Work instruction:
Pictures aside, return every line below exactly as written.
======== Given information ========
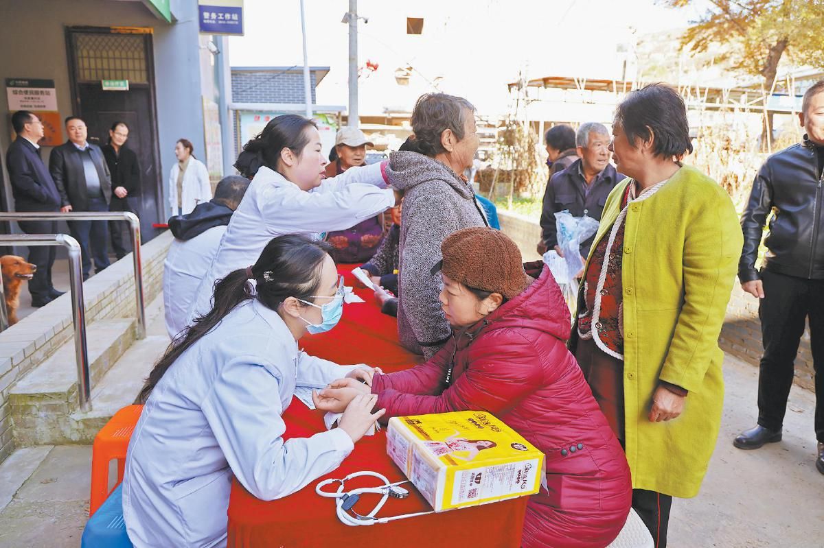 10月31日,子洲县卫健局联合双湖峪镇卫生院开展暖心义诊活动,将专业医疗服务与健康关怀送到基层群众“家门口”。这是医护人员为群众检查身体。
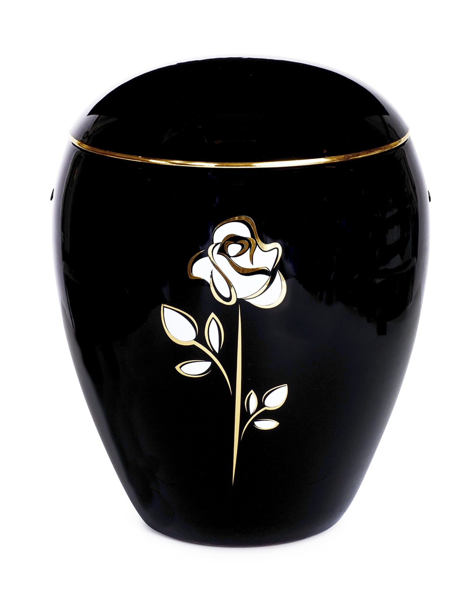 Urna tillverkad av keramik med rosdekor. Levereras med sänkband för urnsättning. Förgänglig
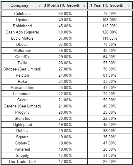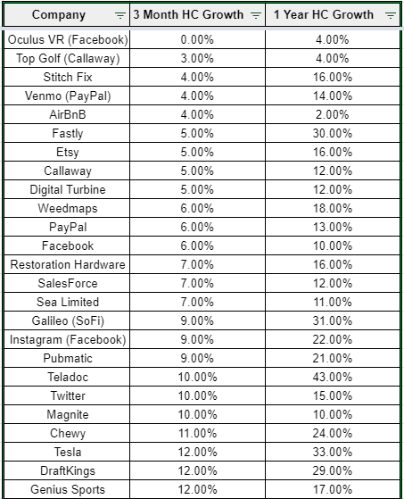 Taking a look at the top 25 companies experiencing the largest three month total headcount growth:
========
Exercise answer:
 10月31日,子洲县卫健局联合双湖峪镇卫生院开展暖心义诊活动,将专业医疗服务与健康关怀送到基层群众“家门口”。这是医护人员为群众检查身体。
 Urna tillverkad av keramik med rosdekor. Levereras med sänkband för urnsättning. Förgänglig
 Taking a look at the top 25 companies experiencing the largest three month total headcount growth:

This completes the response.